Segment Start: RECORDS TO PROCESS

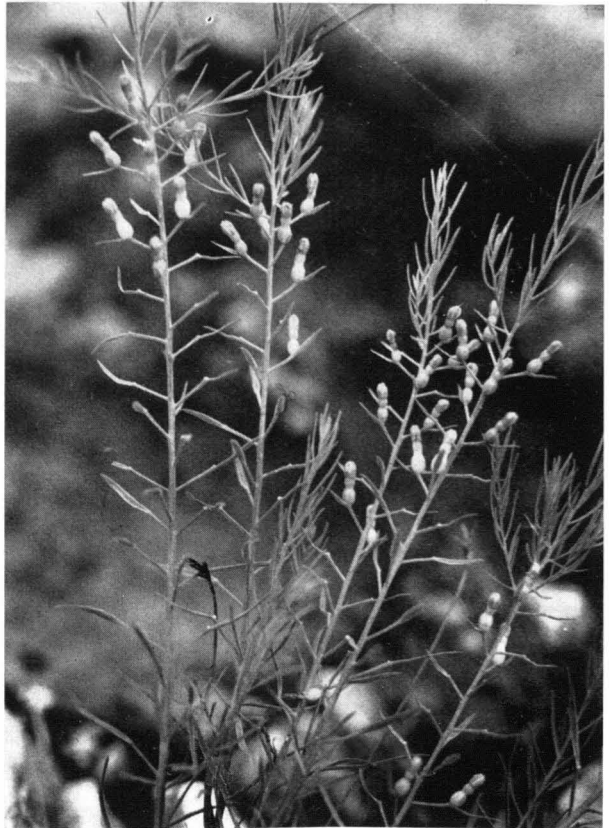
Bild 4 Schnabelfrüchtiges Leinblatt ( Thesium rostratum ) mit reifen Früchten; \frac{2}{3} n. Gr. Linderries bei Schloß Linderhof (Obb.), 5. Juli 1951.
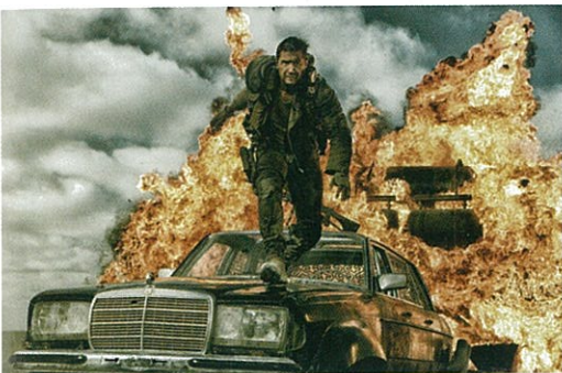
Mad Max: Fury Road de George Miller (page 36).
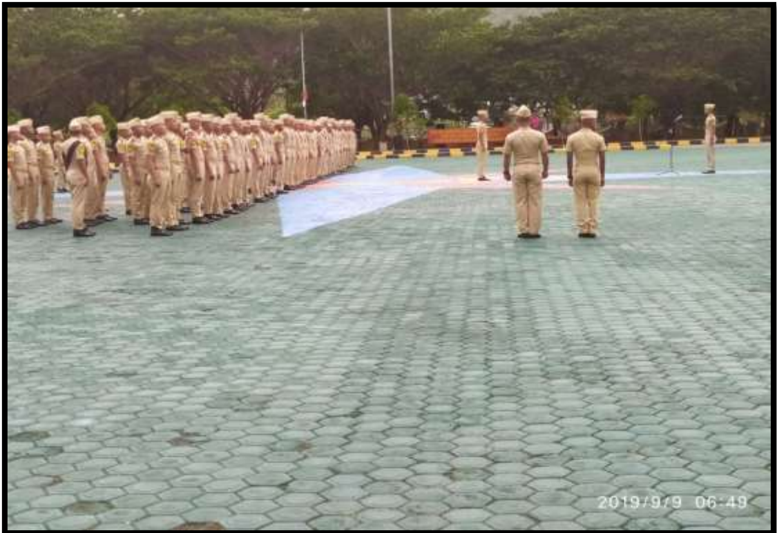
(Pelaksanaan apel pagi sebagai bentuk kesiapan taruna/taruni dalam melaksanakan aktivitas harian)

Segment End: RECORDS TO PROCESS
Segment Start: RECORDS TO PROCESS

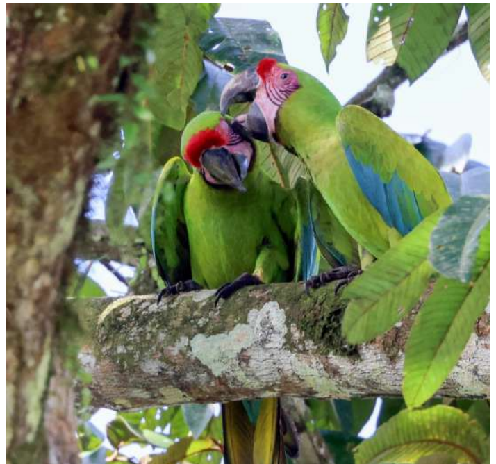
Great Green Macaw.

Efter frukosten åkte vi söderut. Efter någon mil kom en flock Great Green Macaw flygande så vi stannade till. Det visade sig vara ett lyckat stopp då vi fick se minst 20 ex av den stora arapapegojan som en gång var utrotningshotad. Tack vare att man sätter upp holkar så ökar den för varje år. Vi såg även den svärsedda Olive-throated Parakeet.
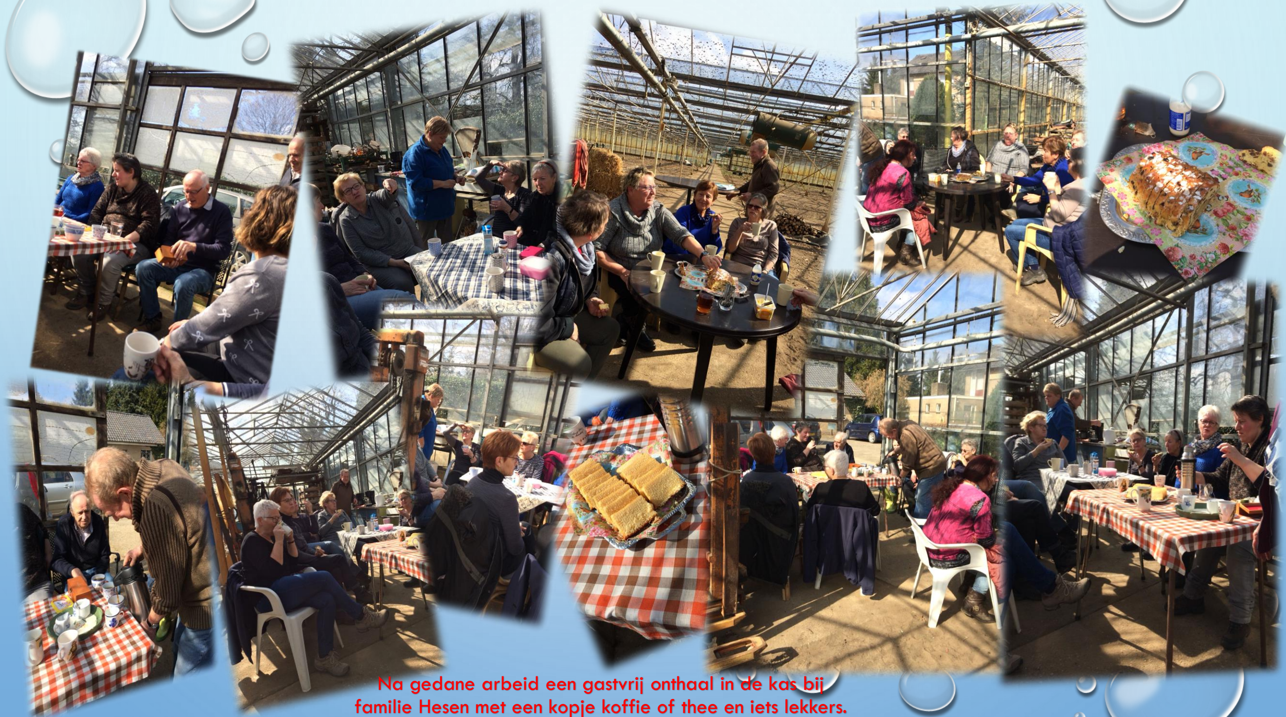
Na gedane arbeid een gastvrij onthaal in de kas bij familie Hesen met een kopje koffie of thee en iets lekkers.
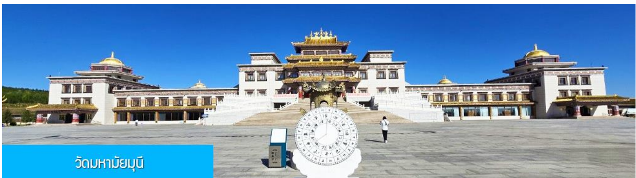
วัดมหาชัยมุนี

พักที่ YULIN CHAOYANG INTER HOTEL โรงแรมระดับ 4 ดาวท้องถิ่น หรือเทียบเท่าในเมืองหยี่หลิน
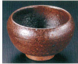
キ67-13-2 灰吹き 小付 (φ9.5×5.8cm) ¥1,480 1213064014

Segment End: RECORDS TO PROCESS

WORK TO COMPLETE: Transcribe, from the material above, the stretch starting at the line with "วัดมหาชัยมุนี" and ending at the line with "キ67-13-2 灰吹き 小付", both included, exactly. Do not carry over pictures.

ANSWER TO THIS EXERCISE:
วัดมหาชัยมุนี

พักที่ YULIN CHAOYANG INTER HOTEL โรงแรมระดับ 4 ดาวท้องถิ่น หรือเทียบเท่าในเมืองหยี่หลิน
キ67-13-2 灰吹き 小付 (φ9.5×5.8cm) ¥1,480 1213064014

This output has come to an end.